The Social Media Minefield

Social media is a minefield of yet unchartered etiquette and sometimes awkward informality. We haven’t quite cottoned on to the fact yet that what might be inappropriate in person should carry through to what we type from behind the screen. The technology’s moving faster than we know how to deal with the altered social states it provides us with. We are all so hooked on our phones it seems impossible that there was a time when the internet didn’t exist. Some of us are old enough to remember the pre-smartphone age, while a generation of children and young people are growing up having never known life without gripping the world in the palm of their smooth-skinned hands.

I encountered something on Twitter yesterday that unnerved me, and it made me wonder how much damage social media is doing to how we interact with each other. I will shortly be attending an interview with a healthcare professional working for the Department of Work and Pensions. During this interview I will effectively have to prove that I’m a disabled person. Following this, my interviewer will advise the government on whether I should be granted a Personal Independence Payment or not. This is a small benefit paid to disabled people to do just as the name suggests; to help improve their lives with money toward living an independent life.

I find the prospect of the interview terrifying. While I am glad the DWP has measures in place to ensure the funding doesn’t get abused, I’m sure every disabled person would agree that the idea of having to spend an hour being grilled on how genuine and impactful your affliction can be isn’t pleasurable. Believing that forewarned is forearmed I asked on Twitter if anyone who had been through the interview could tell me what their experience was like, adding the words, “Please don’t scare me. :(“

The first person to respond was someone I don’t know particularly well and who doesn’t know me beyond my writing. He suggested that a bag would be pulled over my head and I’d be dragged away, before describing what he himself said reminded him of a horror film. I firmly believe the intention was humour. But I actually found this image terribly upsetting. In fact, every time I try to imagine what the interview might be like, this is the image that pops into my head.

I try to be the first to laugh at my disability; mainly because I spent a long time feeling bogged down by it. I found it as hilarious as my family did that it was me who mowed my parents’ lawn when they spent a month in Australia this summer. Me! The woman who walks like she’s a bit tipsy. Wobbly lines in the grass. It’s funny! But I think maybe what social media has done is diluted the ability to read social tells. Some people now seem oblivious to when a joke is appropriate and when a little more delicacy is required. It’s what Louis CK so perfectly articulated in his now viral appearance on Conan. In that moment of fear and vulnerability what I needed was reassurance that the interview would not be all the terrible things I imagine it might be.

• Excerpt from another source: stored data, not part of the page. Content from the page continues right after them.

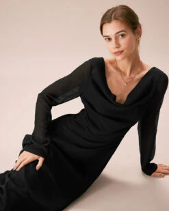 The Black Cowl Neck Long Sleeve Maxi Dress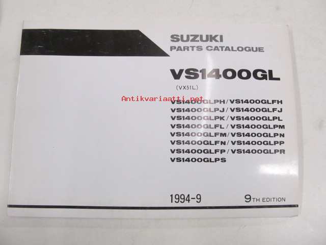 Suzuki Motor Corporation, 1994-9Suzuki VS1400GL (VX51L) VS1400GLPH/VS1400GLFH, VS14000GLPJ/VS1400GLFJ, VS1400GLPK/VS1400GLPL, VS1400GLFL/VS1400GLPM, VS1400GLFM/VS1400GLPN, VS1400GLFN/VS1400GLPP, VS1400GLFP/VS1400GLPR, VS1400GLPS parts catalogue - varaosaluettelo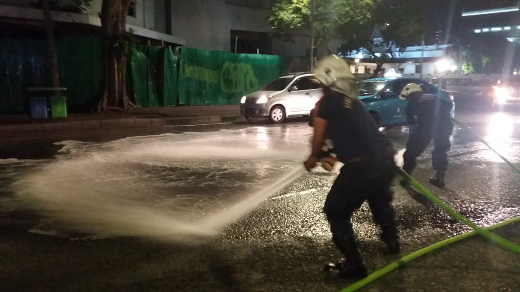 Sementara itu, pantauan jatimnow.com di lokasi satu unit mobil pemadam kebakaran terlihat membersihakn ceceran semen yang membahayakan pengendara.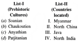 Solution:The Soanian culture, found in the Siwalik Hills of North India, is a Lower Paleolithic industry. Chaukoutien, in China, is famous for Peking Man, an early Homo erectus site. Anyathian is a prehistoric industry in Myanmar, while Patjitanian is a similar industry from Java, reflecting early human settlements in Southeast Asia.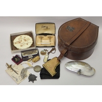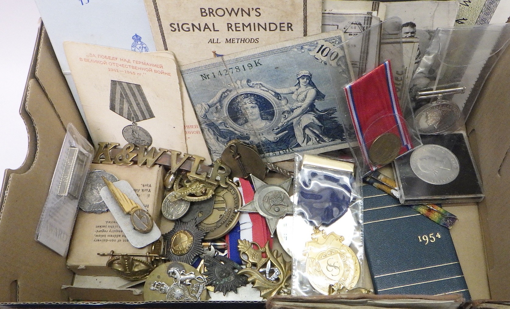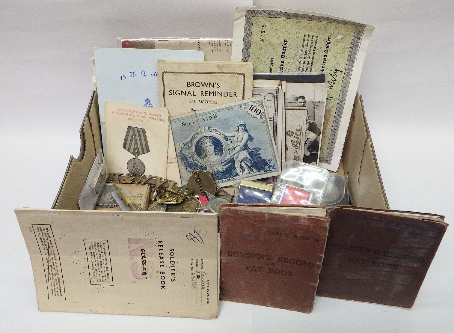 Militaria to include Soldier's Record and Pay Book 1940s / 1950s; badges; identity tags; a WW2 service medal etc; other ephemera incl a Keighley & Worth Valley Light Railway brass cap badge, a Buckingham Palace Garden Party invitation, etc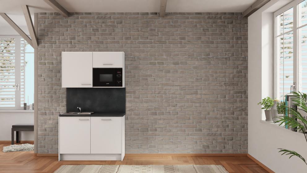 nobilia kitchenette Konstanz sans lave-vaisselle | Configurateur de cuisine 3D | Mini-cuisine en blanc alpin à prix avantageux de la gamme nobilia Elements | 120 cm de large | 2,15 m de haut | Mini-cuisine avec micro-ondes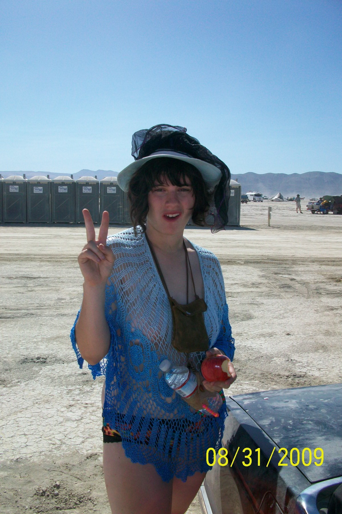 i had a long journey to the desert ahead of me, i needed money so i found a job. i became the night guard for the tnt fireworks company so i could afford burning man. i worked every single night for two months straight during the hours of 8pm to 4 am. though i could hardly call it work, most nights were spent having empty lot dance parties or shooting a bb gun at street lights. after the work was finished i was allowed to take as many fireworks as i wanted and was payed nearly 2000 dollars! i stll have a garage full of fireworks.from late july to august most of my time was spent prepping myself and getting supplies. when august 25th hit i left for tahoe, i have a place up there where i can go and stay! we had a long hot drive up to tahoe. where we did some final prepping and on the 28thweset offfor what would become home for me. we stopped at a large walmart in reno to settle and buy dry ice. from there we drove another three hours through reservation land and finally to black rock city. we had to stop at the gates get out of our car and do playa angels in the dust the greeter gave us a hug welcomed us home and let us ring the bell and continue. we made camp and watched the sunrise as we took our first bikeride on the playa. we had eight full days of love, debauchery, life and made firends we will never forget. i found my one and only true home on earth. we left reluctently the day after the temple burn headed back to tahoe. recuperated and decomped at the nude beach. stayed in tahoe for three days and headed back to the bay. im greatly looking forward to making the pilgrimage again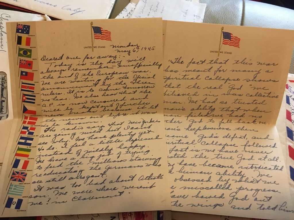 The radio says that New Yorkers are going wild but I can’t see why. We have plenty yet to do. I feel a little depressed instead of wildly happy. We have a big job of trying to feed the millions starving, and re-educating the Germans who are still arrogant.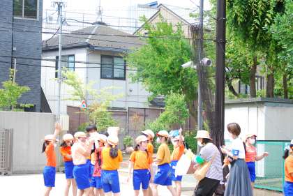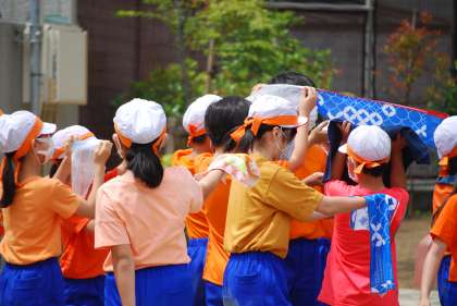 途中から出したミストや水道でタオルを濡らし、子供たちは競技の合間に涼をとっていました。
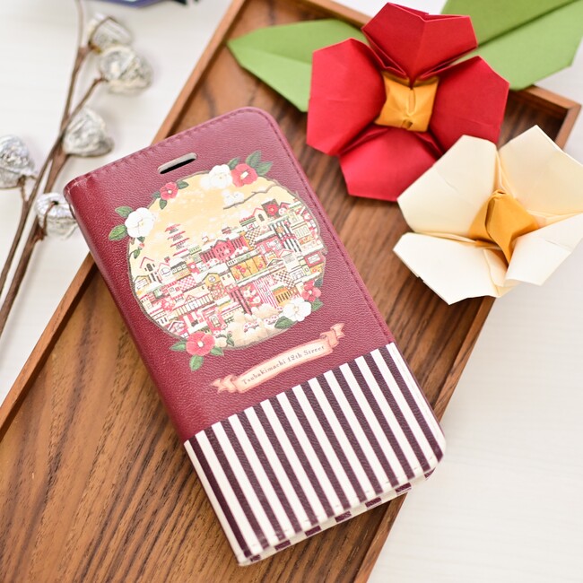 赤と白を基調とした椿の街の大正ロマン香るデザイン。和服にも似合うスマホケース。冬におすすめの一品です。

It’s not really good enough to go down the Ricky Gervais road of ‘it’s not my fault if you don’t find my joke funny’. It’s arrogant, immature and it negates the need to be responsible for how our words affect other people. We also need to start learning the difference between ‘offensive’ and ‘in bad taste’. The intended joke about my medical interview did not offend me, but it was certainly a touch tasteless, ill-considered and was missing a little compassion. Something that lacks class is not necessarily offensive, despite ‘SORRY I OFFENDED YOU’ seemingly being the only comeback in our vocabulary when we misjudge a situation nowadays. Miley Cyrus and Robin Thicke’s notorious performance at the VMA’s, for example, did not offend me. I was a child of the 80s. I lived through Madonna. But the display was certainly in bad taste. There is a difference.

While Facebook generally remains a place we reserve for our friends and family, Twitter is more open. Twitter allows us to connect with people we’d never normally have access to, link with those who share our interests and form genuine real life friendships we’d never have found without it. But it also breeds a kind of familiarity that not everyone’s learnt to reign in yet.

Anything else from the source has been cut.